If it had been necessary to decide, I would not agree with the argument advanced by counsel for the appellant that the respondent should have taken reasonable steps to minimise his loss. At his age and by the nature of his employment in banking, it would not have been possible to be so easily reemployed, especially with summary dismissal hanging on his head.

However, in the present case, the contract of employment referred to the respondent as monthly servant and under those terms, the respondent would have been entitled to a one month's notice or payment in lieu of notice, if I had held that the respondent was entitled to notice before dismissal.

Counsel submitted that the learned trial judge erred both in law and fact when he held that the retirement and pension rights had now natured as a result of the courts' judgment and were therefore due for payment. Mr. Masembe Kanyerezi cited Chitty on Contracts, volume 2, 26th edition, at page 807, where the learned editor state:

"The mere fact that the employee becomes a member of the end owner and pension scheme for the permanent staff of the employer raises no implied term that the employment cannot be determined on reasonable notice."

Counsel also cited Barclays Bank of Uganda Limited Staff Pension Fund Rules as contained in Exhibit D. 12. He submitted that Rule (3) of the Rules applies to the present case. That Rule provides that:

"No pension (other than a deferred pension) shall be granted to any official or messenger dismissed from the service of the Bank"

In response, Mr. Bitangaro contended that if this court finds that the trial judge was correct in holding that the dismissal of the respondent was wrongful and confirms the judgment in the court below, it will follow that respondent was entitled to his pension dues in full. Counsel further submitted that in that event, the court would find that these dues accrued immediately judgment was given.
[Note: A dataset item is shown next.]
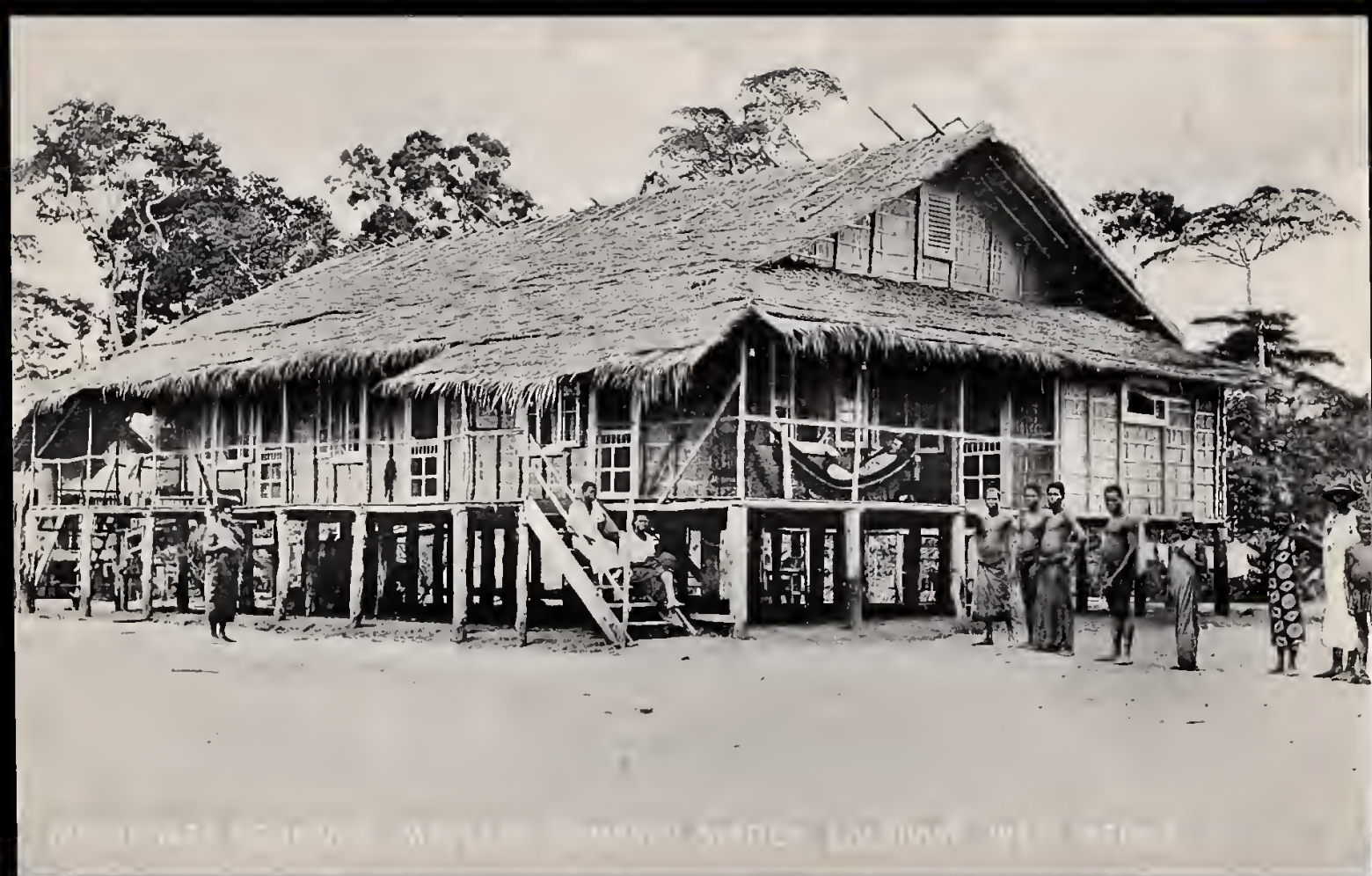
THE HOUSE OF THE CHIEF OF THE VILLAGE OF KAUAI, HAWAII

In Mr. Bitangaro's submission, Rule (3) of the Pension Rules did not apply to the respondent. Only the Rules which were contained in Part 13 of the same Rules applied.

I do not agree with the submission by counsel for the respondent that if this court had found that the trial judge was correct in holding that the dismissal of the respondent was wrongful and confirmed the judgment of the learned trial judge that it would follow that the respondent was entitled to his pension dues in full and that such dues would accrue immediately after judgment was given. The Barclays Bank of Uganda Limited Staff Pension Fund Rules provide in Rule (3) that:

"No pension (other than deferred pension) shall be granted to any official or messenger dismissed from the service of the Bank".

The trial judge erred in law and fact in failing to appreciate these provisions.

In my view, only deferred pension rights can be realised and moneys due under them become payable. From the evidence of the respondent which contradicted neither by the evidence non or the submissions on behalf of the appellant, both employer and the respondent contributed to the pension scheme. In my opinion, such contributions together constituted the deferred pension of the respondent at the time of his summary dismissal and, in my judgment, such deferred pension which had already and fully vested in the respondent at the time of his dismissal should be paid to him as of right.

Ground four succeeds in part. For the reasons I have given, and subject to my views on ground four, I would allow this appeal in part. I would set aside the judgment and decree by the High Court save as regards deferred pension. As the appellant has succeeded on three grounds and part of ground four, I would award the appellant 3/4 of the costs both here and in the High Court.

DATED AT MENGO....... 24th................ DAY OF............. February, .1999.